DATASET EXTRACT START
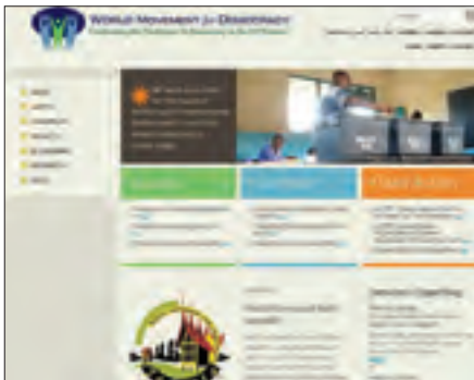
The WMD web site provides information and networking opportunities to democracy activists around the world.

Since the adoption of the Founding Statement at the inaugural Assembly in 1999, the number of participants has grown through the development of both regional and functional networks. These networks have strengthened ties among activists, practitioners, academics, policy makers, and funders who have come together to cooperate in the promotion of democracy. The World
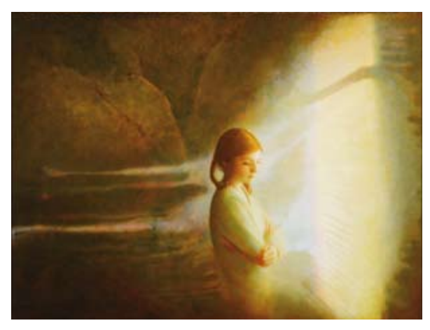
Becca, 2002 Oil on board 38 ½ x 50 ½ in. (98 x 128 cm)
DATASET EXTRACT END
▶ _WHAT IS REQUIRED_
Lines of the listing above that contain the word "activists" should all be returned.

▶ _RESULT BELOW_
The WMD web site provides information and networking opportunities to democracy activists around the world.
Since the adoption of the Founding Statement at the inaugural Assembly in 1999, the number of participants has grown through the development of both regional and functional networks. These networks have strengthened ties among activists, practitioners, academics, policy makers, and funders who have come together to cooperate in the promotion of democracy. The World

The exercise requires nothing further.